Action item: For the data below, transcribe the part that opens with the line containing "Østre? ende av" and closes with the line containing "Close-up view of", exactly and with no pictures.

[Collected data entries]
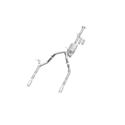 The MagnaFlow Street Series Cat-Back Performance Exhaust System 19027 brings out the personality of your Truck with our signature resonant, powerful engine tone and dyno-proven performance. Thanks to its fast-flowing, mandrel bent 3.5in. main piping and 1 Straight-Through mufflers ending in a Dual Split Rear exit with 4in. Polished Clamp-On Double Wall Angle Cut Rolled Edge tips, this Truck exhaust kit has the performance chops to match its sporty sound and appearance. Upgrade your ride to the next level with an exhaust that has the pipes to put other Truck's to shame. With this system your vehicle will be producing Aggressive exterior and Moderate interior sound levels while leaving other cars and trucks feeling envious at every stoplight. Exhaust kit 19027 features a cat-back layout that replaces your ride's stock exhaust components from near the catalytic converter on back. Extensive 3D scanning during development has resulted in a direct-fit design that you can easily install yourself. 19027 is produced using CNC precision robotic manufacturing techniques and is backed by MagnaFlow's 1-year limited finish warranty and limited lifetime construction warranty.
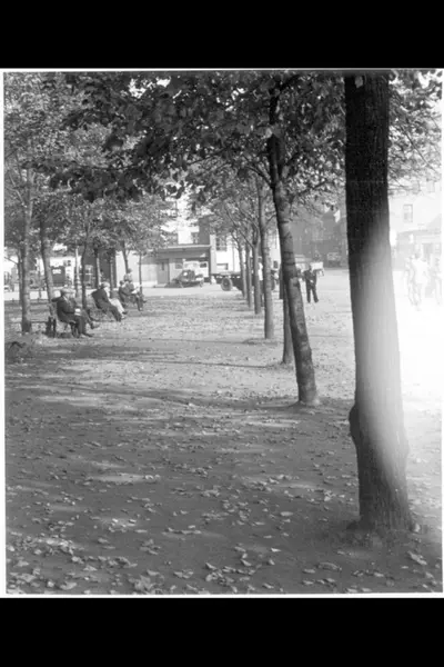 Østre? ende av Grev Wedels plass. Folk på parkbenker. Myntgata i bakgrunnen. Akershusstranda til høyre. (Jfr.bilde A-20145/Uag/0002/019.) Albumtittel: Gråbeinsletta og anlegg ved Sagene kirke, Grev Wedels plass, Grønland
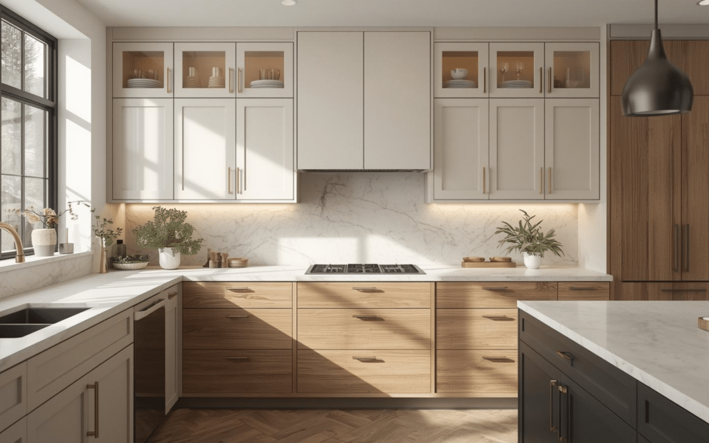 Choosing kitchen cabinets isn’t just about what looks pretty in photos. You need something that works with how your family actually lives. Think about whether you’re always cooking big meals or just reheating leftovers, if you have kids who need easy access to snacks, or if you love displaying your dish collection.
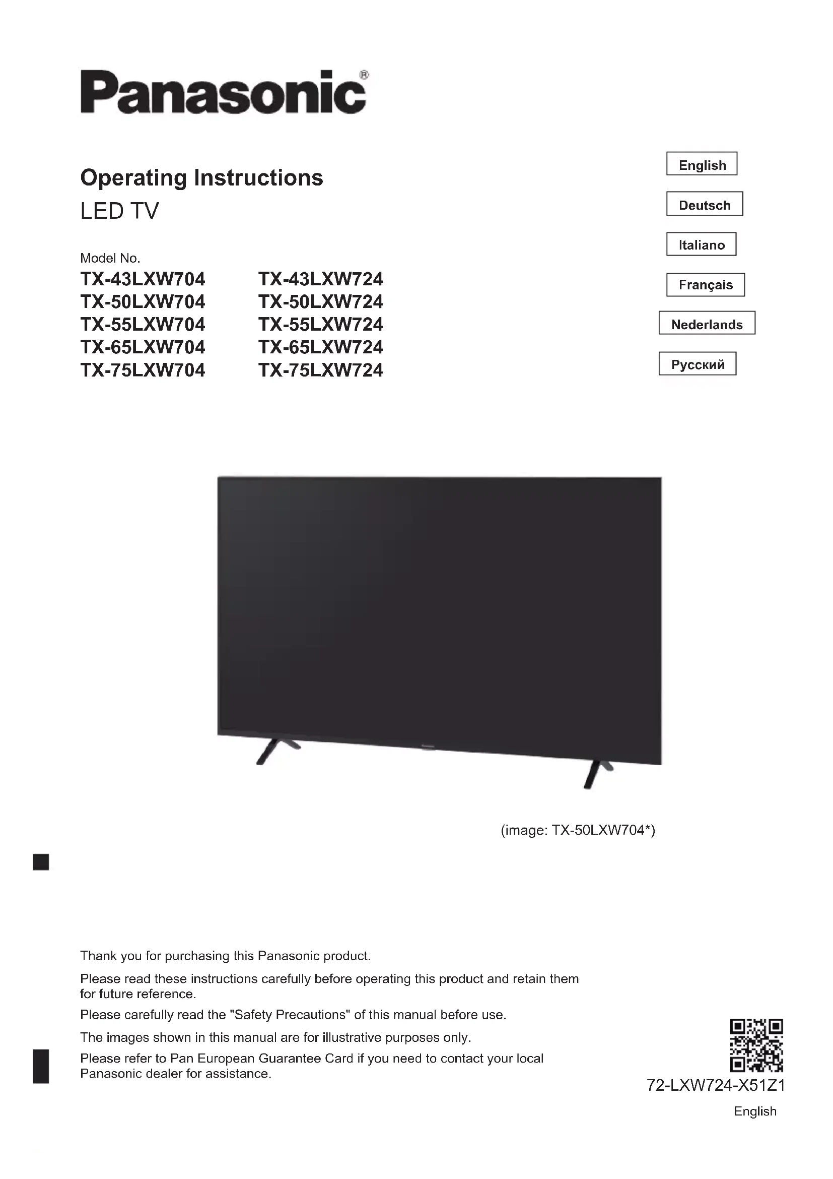 TX-55LXW724 - Téléviseur PANASONIC - Notice d'utilisation et mode d'emploi gratuit
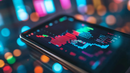 Close-up view of a mobile device displaying vibrant financial data. The visual representation features colorful charts and statistics amidst a blurred background.
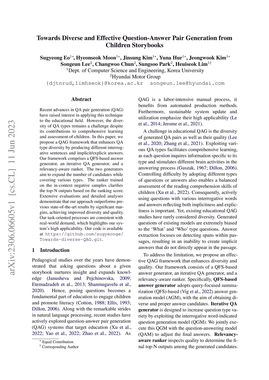 Recent advances in QA pair generation (QAG) have raised interest in applying this technique to the educational field. However, the diversity of QA types remains a challenge despite its contributions to comprehensive learning and assessment of children. In this paper, we propose a QAG framework that enhances QA type diversity by producing different interrogative sentences and implicit/explicit answers. Our framework comprises a QFS-based answer generator, an iterative QA generator, and a relevancy-aware ranker. The two generators aim to expand the number of candidates while covering various types. The ranker trained on the in-context negative samples clarifies the top-N outputs based on the ranking score. Extensive evaluations and detailed analyses demonstrate that our approach outperforms previous state-of-the-art results by significant margins, achieving improved diversity and quality. Our task-oriented processes are consistent with real-world demand, which highlights our system's high applicability.

Response:
 Østre? ende av Grev Wedels plass. Folk på parkbenker. Myntgata i bakgrunnen. Akershusstranda til høyre. (Jfr.bilde A-20145/Uag/0002/019.) Albumtittel: Gråbeinsletta og anlegg ved Sagene kirke, Grev Wedels plass, Grønland
 Choosing kitchen cabinets isn’t just about what looks pretty in photos. You need something that works with how your family actually lives. Think about whether you’re always cooking big meals or just reheating leftovers, if you have kids who need easy access to snacks, or if you love displaying your dish collection.
 TX-55LXW724 - Téléviseur PANASONIC - Notice d'utilisation et mode d'emploi gratuit
 Close-up view of a mobile device displaying vibrant financial data. The visual representation features colorful charts and statistics amidst a blurred background.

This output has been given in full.